Through past experiments, it has been known that the properties of glasses are also a function of processing and testing conditions. Zaki et al. (2023) used text mining and natural language processing tools to collect data on the composition, annealing temperature, testing load, and hardness of glasses. The authors then trained machine learning models that considered such parameters and predicted the hardness of oxide glasses. Their study revealed that including processing (annealing temperature) and testing variables (testing load) in the dataset improved predictions of Vickers hardness. Developing functional glasses under different testing conditions requires AI/ML models that can consider both composition and testing conditions as input, and predict the desired properties (Zaki et al., 2023). Glass properties such as refractive index, dielectric constant, and loss tangent are a function of wavelength or frequency; while density is a function of both composition and temperature (Varshneya and Mauro, 2019). The existing models can predict the density, refractive index, dielectric constant, and loss tangent of inorganic glasses as a function of their compositions at fixed testing conditions. Therefore, the major challenge is to develop machine learning models that can predict the properties by considering the testing conditions. In this work, we develop machine learning models to predict refractive index, dielectric constant, loss tangent as a function of composition and wavelength, and density as a function of glass composition and temperature. We use SHAP analysis to explain the effect of different input parameters on property values. Through SHAP analysis, the interaction between chemical components and testing conditions is also reported which will assist in appropriate selection of chemical compounds for targeted property. The remainder of the paper is organized as follows. First, we discuss dataset preparation, how machine learning models are trained, and how their predictions are explained. Subsequently, in the Results and discussion section, we dwell on dataset details and performance of the trained machine learning models. This is followed by a discussion of SHAP analysis to explain the compositional and testing parameter dependence of glass properties. The paper ends with the Conclusion section, where we summarize key results and discuss future research directions.

2 Methodology

2.1 Dataset preparation

Several researchers have studied the compositional governance of optical, physical, electrical, and mechanical properties of glasses using data from Sciglass (https://github.com/epam/SciGlass) and Interglad Ver (2020) databases. However, very few accounted for processing and testing conditions (Zaki et al., 2022a). Here, we use the Interglad Ver (2020) database to obtain the composition and wavelength associated with the refractive index, dielectric constant, and loss tangent of glasses. We also compiled a dataset of glass density at different testing temperatures. The compiled dataset had a few samples for which the sum of all components did not add up to 100%. Since these were very few, they were discarded. In some cases, the units of testing variables were different. We converted all units to the same scale. For example, frequencies are reported in units like Hz, kHz, MHz, and GHz; temperature is reported in both Kelvin and degrees Celsius. Therefore, all frequencies were scaled to GHz, and all temperature values to degrees Celsius for the sake of consistency. In previous works (Bishnoi et al., 2021; Cassar et al., 2021a; Bhattoo et al., 2023), duplicated values arising from different processing and testing conditions; therefore, a duplicate removal step was required. In this work, the testing conditions are also considered as variable, and hence, this step has been obviated.
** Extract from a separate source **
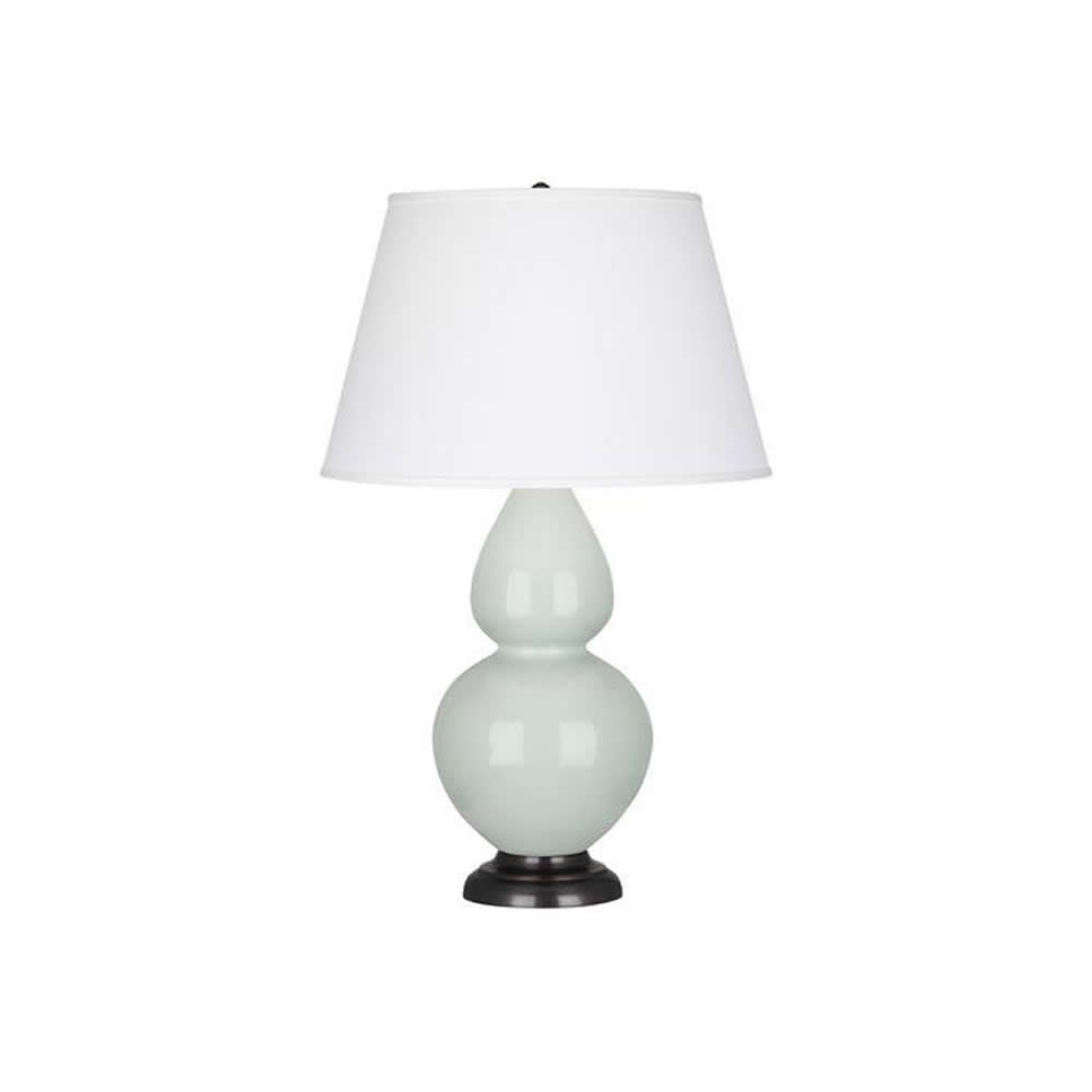 Celadon glazed ceramic with deep patina bronze finished accents double gourd table lamp with pearl dupioni fabric shade . Our double gourd collection features a simple but gracefully curving silhouette. Available in a wide array of vibrant colors.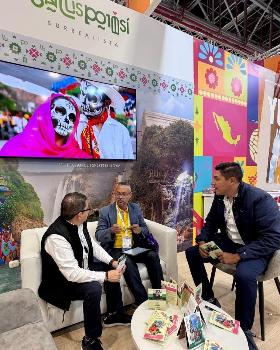 Durante el encuentro se promovieron artesanías, mezcales y rebozos, además de materiales audiovisuales que muestran la riqueza natural, cultural y de aventura que distingue a la entidad. También se sostuvieron entrevistas con medios especializados y se concretaron citas de negocio con tour operadores interesados en integrar la oferta potosina, especialmente en los segmentos de aventura y experiencias auténticas, fortaleciendo así el cambio que se vive y se siente en el sector turístico del Estado.

Machine learning models perform well when trained on sufficient good quality data. Hence, random entries were verified with their source through natural language processing-based approaches to ensure good quality datasets for training the models. To reduce outliers, only those chemical components that were present in at least 30 glasses were chosen to be part of the dataset. After all preprocessing and cleaning steps, the dataset was split into 80:20 ratios to obtain training and test sets. The training set was subjected to 10-fold cross-validation, and the best-performing model on the validation set was selected as the final model. Note that the test set is kept hidden and is used only after the selection of the best model for final evaluation. This strategy is the same as used in one of the earlier works (Bhattoo et al., 2023).

2.2 Machine learning, hyperparameter optimization, and explainability

Extreme gradient boosting (XGBoost) models have become quite popular for accurately predicting the properties of glasses. XGBoost is a gradient boosting tree-based model, i.e., the model output is based on the values proposed by different trees (Chen and Guestrin, 2016). We trained machine learning models by using the XGBoost python package. The model hyperparameters were optimized using the Optuna python package (Akiba et al., 2019). The details of hyperparameter optimization are provided in the previous work (Bhattoo et al., 2023). The hyperparameters used and their ranges are provided in Supplementary Tables S1–S3 of Supplementary Material file of this work.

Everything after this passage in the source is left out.